- Origin: United States
- Occupation: Pianist

= Patricia Goodson =

American pianist

Patricia Goodson is an American pianist residing in the Czech Republic.

Goodson's recording of contemporary piano music, Strange Attractors, features works by John Harbison, Martin Herman, Stephen Jaffe, Robert Kyr, Augusta Read Thomas and Randall Woolf. She has also recorded a 4-disc set of the complete solo piano music of Czech composer Josef Bohuslav Foerster, titled Foerster: Dreams, Memories and Impressions. Other recordings include works by Scottish-Czech composer Geraldine Mucha, her Concerto for Piano (1960) and Variations on an Old Scottish Song (1954), both on an ArcoDiva label release, and solo works by Mucha on a 2021 Brilliant Classics release. Goodson's pianism also appears on a Rattle Records label release titled Shadows Crossing Water, featuring works by New Zealand composer Dame Gillian Whitehead. In addition, Goodson has recorded numerous works for Czech Radio including pieces by Vlastislav Matoušek, Hanuš Bartoň, Josef Adamek and others.

Goodson has hosted numerous programs on Czech music for Radio Prague to include a series titled Encore, and many of these programs have been archived at the Radio Prague website. She has also written articles for The Prague Post.

Early in her career, Goodson was employed by General Computer Company in Cambridge, Massachusetts to create or transcribe music and sound effects for video games, chiefly for Atari home cartridges. She composed music for Bally Midway's "Jr Pac-Man" and "Foodfight", and handled audio work for approximately 35 game cartridges.

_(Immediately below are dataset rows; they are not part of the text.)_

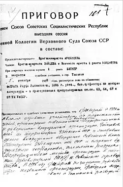 The case was discussed on 4 October 1938 by the Military Collegium of the Supreme Court of the Soviet Union, whereupon, according to the transcript, a 15 minutes long show trial took place the following day without hearing witnesses. The trial ended with Fitrat's sentence to death by a firing squad and confiscation of all goods. Archival documents show that the execution was carried out on 4 October 1938, thus on the day before his conviction.[90]
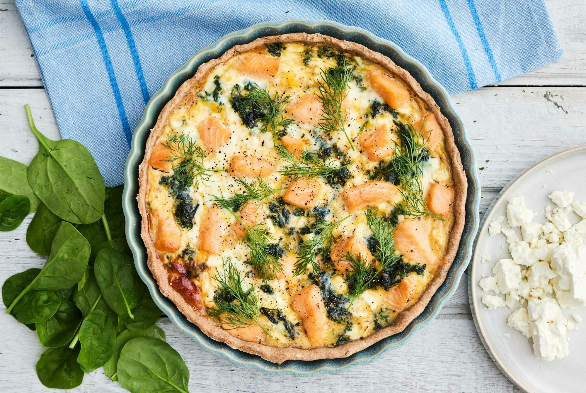Terveellisiä reseptejä Päivällinen Lohi-pinaa... Lohi-pinaattipiiras 40 minuuttia 563 kcal Tämä lohipiiras vie kielen mennessään! Pinaatti tuo piirakkaan miedon maukasta makua sekä runsaasti vitamiineja, kivennäisaineita ja raikasta väriä. Teksti: Signe Moesby Leth 5. helmikuuta 2026 PIIRAS – Lohen tilalla voi halutessaan käyttää myös muuta proteiinin lähdettä maun mukaan. © wichmann+bendtsen Lohi-pinaattipiiras Ainekset Valmistus Tosiasiat Lisää suosikkeihin Poista suosikeista Pidä näyttö päällä Ainekset 2 annosta 50 g vehnäjauhoja 50 g grahamjauhoja ½ tl merisuolaa mustapippuria myllystä ¼ dl ekstraneitsytoliiviöljyä ½ dl vettä Täyte: 1 lohifileetä (noin 225 g) 150 g pakastepinaattia sulatettuna 37 g fetaa 2½ kananmunaa 1 dl maitoa merisuolaa mustapippuria myllystä ripaus hienoksi raastettua muskottipähkinää Valmistus Lämmitä uuni 175 asteeseen (kiertoilma). Sekoita jauhot, suola ja pippuri. Pane toiseen kulhoon öljy ja vesi. Lisää sekaan jauhoseos vähän kerrallaan vaivaten. Kaulitse taikina ja muotoile piirakkapohjaksi. Painele pinaatista neste. Levitä pinaatti, murennettu feta ja paloiteltu lohi piirakkapohjalle. Sekoita munat, maito, suola, pippuri ja muskottipähkinä ja kaada täytteiden sekaan. Kypsennä noin 30 minuuttia tai kunnes munamassa on hyytynyt ja pohja on saanut kullankeltaisen värin. VinkkiSulata ja valuta pinaatti huolella, jotta piiraasta ei tule vetistä. PinaattiLohiMuna
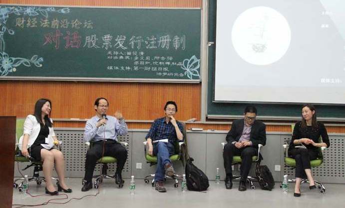 2016年5月8日晚,财经法前沿论坛“对话股票发行注册制” 在tyc122cc太阳成集团沙河校区举行。本次论坛由tyc122cc太阳成集团主办,中国证券法学研究会、北京市金融服务法学研究会协办。对话嘉宾分别是对外经贸大学tyc122cc太阳成集团李文莉教授、tyc122cc太阳成集团邢会强教授、tyc122cc太阳成集团缪因知副教授、清华大学tyc122cc太阳成集团沈朝晖博士、tyc122cc太阳成集团杜晶博士。tyc122cc太阳成集团曾筱清教授担任主持人。来自tyc122cc太阳成集团各专业的员工约200人参会聆听了论坛讲座。《第一财经日报》对部分观点进行了专题报道。
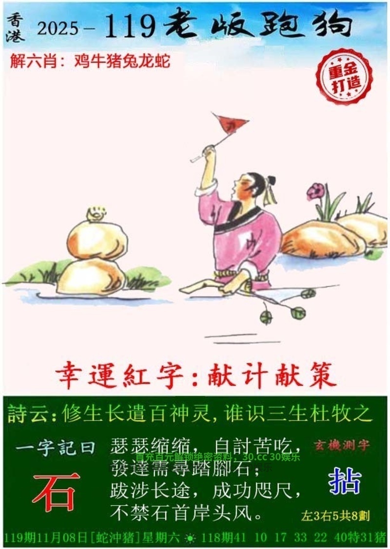 玄机詩雲:窈窕盘门西转路,精禽梦觉仍衔石,幹紧盤圓,立于金雞,財氣高升呒啼;樹要分枝,玄機賜出,久践机衡宣密命。
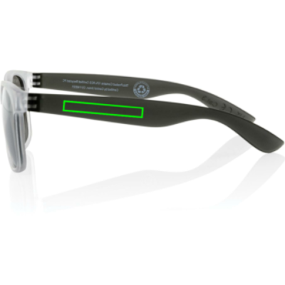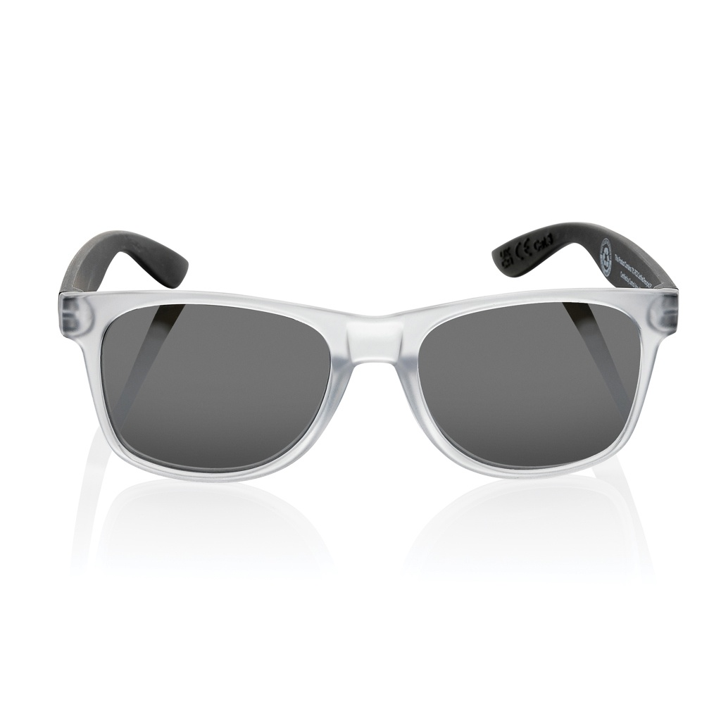 Sunglasses made with RCS certified recycled transparent PC frame. With colored mirrored lenses. Total recycled content: 72% based on total item weight. RCS certification ensures a completely certified supply chain of the recycled materials. The lenses are conform EN ISO 12312-1,UV 400 and CAT 3. Packed in a FSC® kraft box.
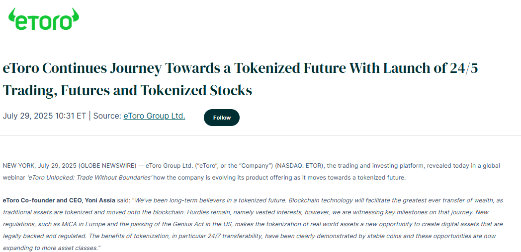 This move is yet another step forward for eToro in the RWA space, building on its 2019 launch of tokenized gold and silver. The broader trend of tokenizing real-world assets has also been accelerating across the industry.
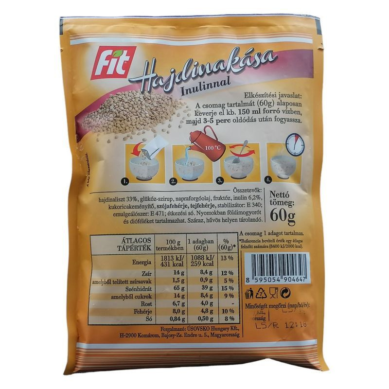 Összetevők: hajdinaliszt 33%, glükóz-szirup, részben hidrogénezett szójaolaj, fruktóz, inulin 6,2% kukoricakeményítő, szójafehérje, tejfehérje, stabilizátor: E 340; emulgeálószer: E 471; étkezési só. Nyomokban földimogyorót és dióféléket tartalmazhat.
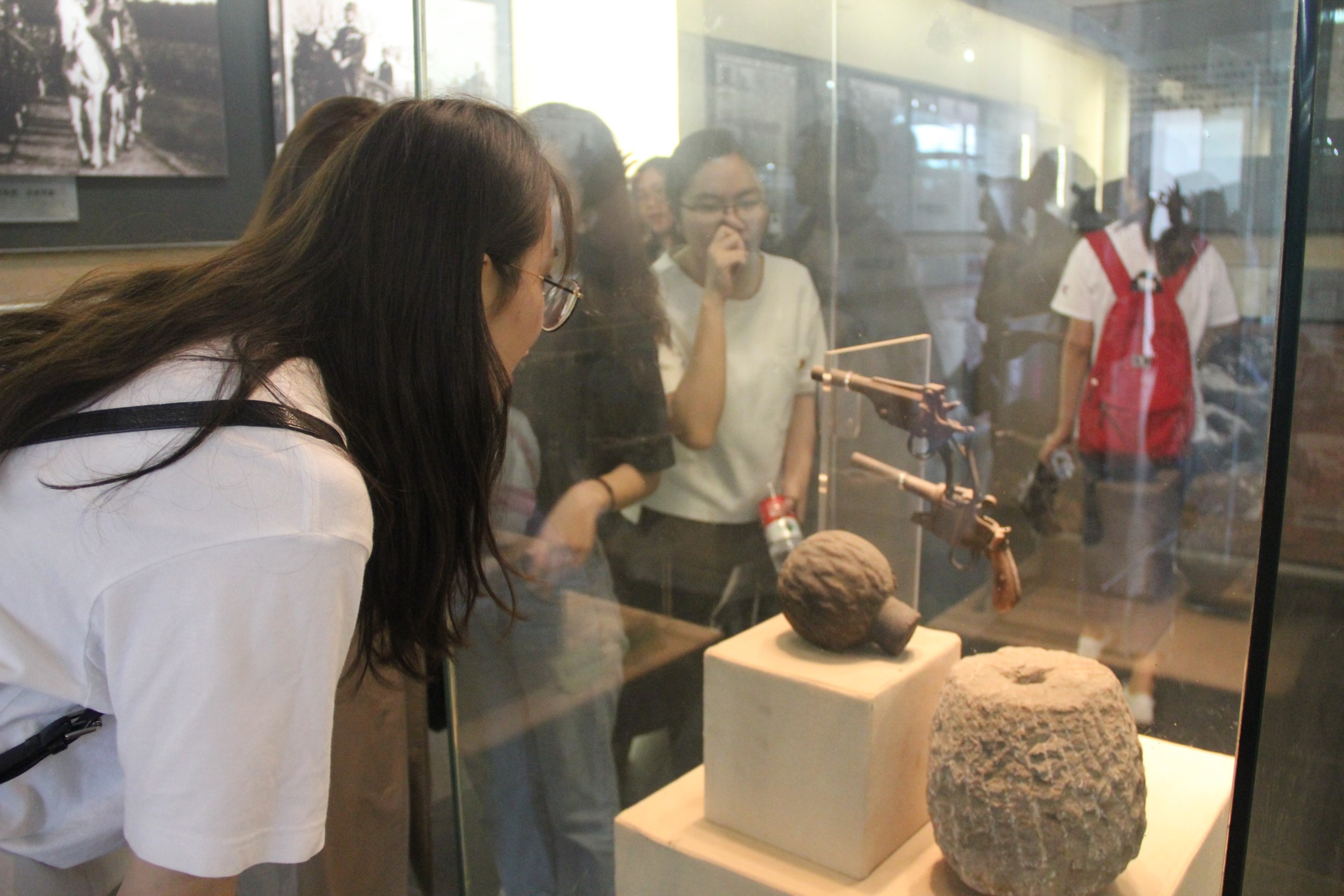 焦庄户地道战遗址纪念馆门口一座表现当年地道战场景的雕塑上写着毛泽东同志的手迹:“民兵是胜利之本”,这与习近平总书记总体国家安全观强调“既重视国土安全,又重视国民安全,坚持以民为本、以人为本,坚持国家安全一切为了人民、一切依靠人民,真正夯实国家安全的群众基础”的思想一脉相承。在这座雕塑下,UED体育党员同志一起重温入党誓词,宣誓牢记党的使命,做一名合格党员,自觉维护国家安全。在宣誓结束后,张效民副书记对学生党员提出殷切的期盼,希望学生党员可以更深刻理解中国共产党领导人民在战争年代维护国家安全的光辉历史,感受到党员的使命和责任。随后大家参观了展览馆,包括冀东抗战燃烽火、人民战争建奇功、今日顺义更美好三个展区,珍贵的展览内容为我们再现了焦庄户在党的领导下同敌人进行英勇斗争的历史画面。最后,国关学院师生走进地道战遗址,大家深切地感受到战争留下的印记。在阴冷潮湿的地道中弯腰前进,大家回想地道战的抗战历史,心中不禁感慨先辈的智慧和勇气。回望历史,才能继承和发扬革命先辈的优良传统,牢记维护国家安全的使命。
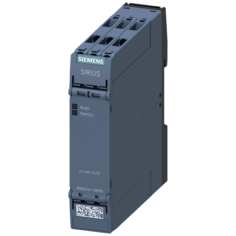 Thermistor motor protection relay Standard evaluation unit 22.5 mm enclosure screw terminal 2 change-over contacts US = 24 V-240 V AC/DC Auto-reset suitable for bimetallic switch 2 LEDs (READY/TRIPPED) galvanic isolation
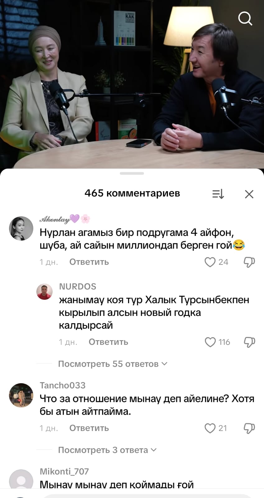 Осы сөздері жақпаса керек, бір оқырман осы видеоның астына: "Нурлан агамыз бир подругама 4 айфон, шуба, ай сайын миллиондап берген гой"деп пікір қалдырды.
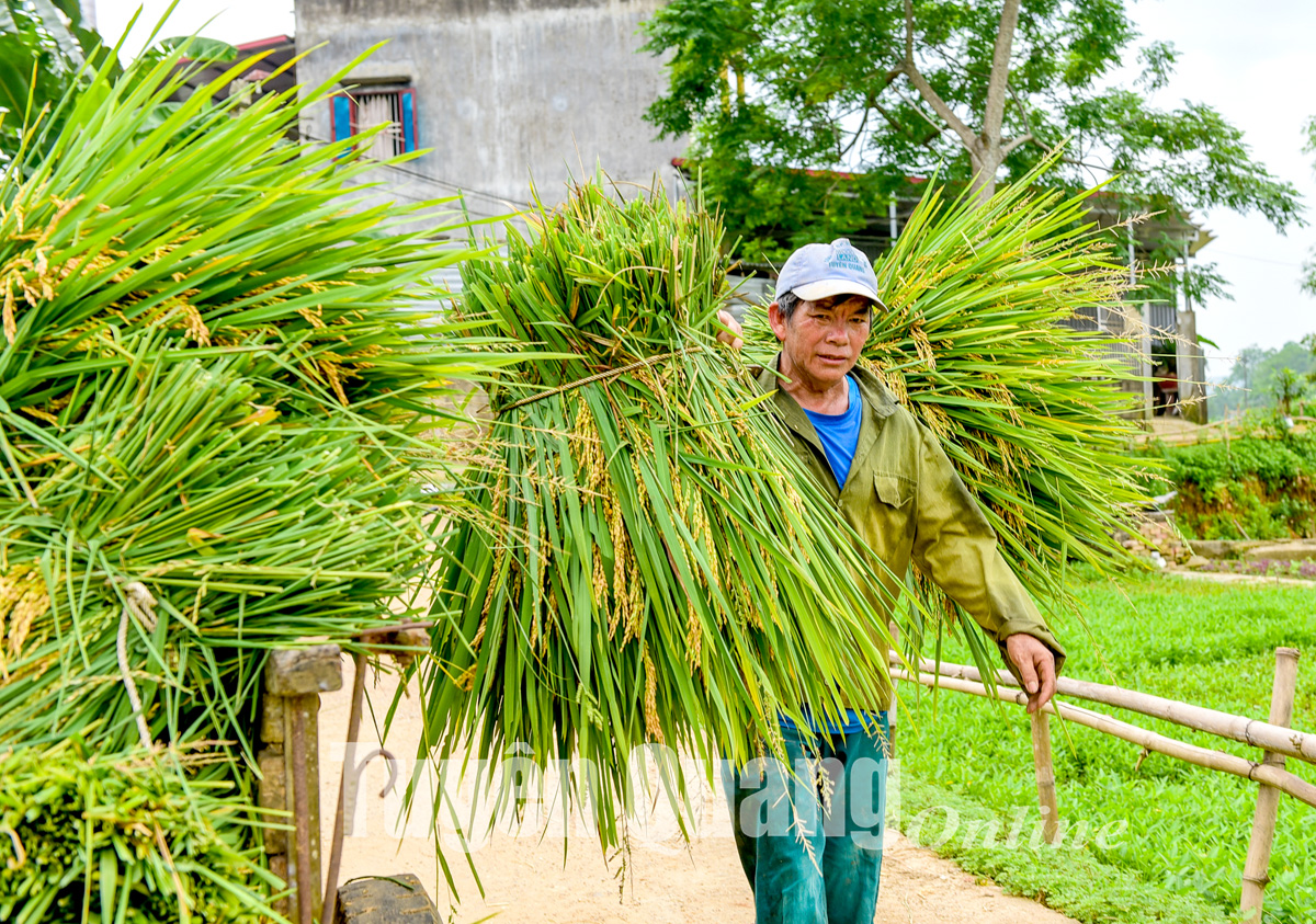 Lúa được tuốt ngay tại ruộng, người dân chỉ việc vận chuyển về nhà phơi.

Goodson graduated from Duke University with a degree in music, and from the Peabody Conservatory with a Master of Music in piano performance. She is on the piano faculty of New York University in Prague, and until 2017 served as co-founder and co-director of the Geraldine Mucha musical archive.

==Personal life==
Goodson lives in Prague with her husband, Ivan Karhan.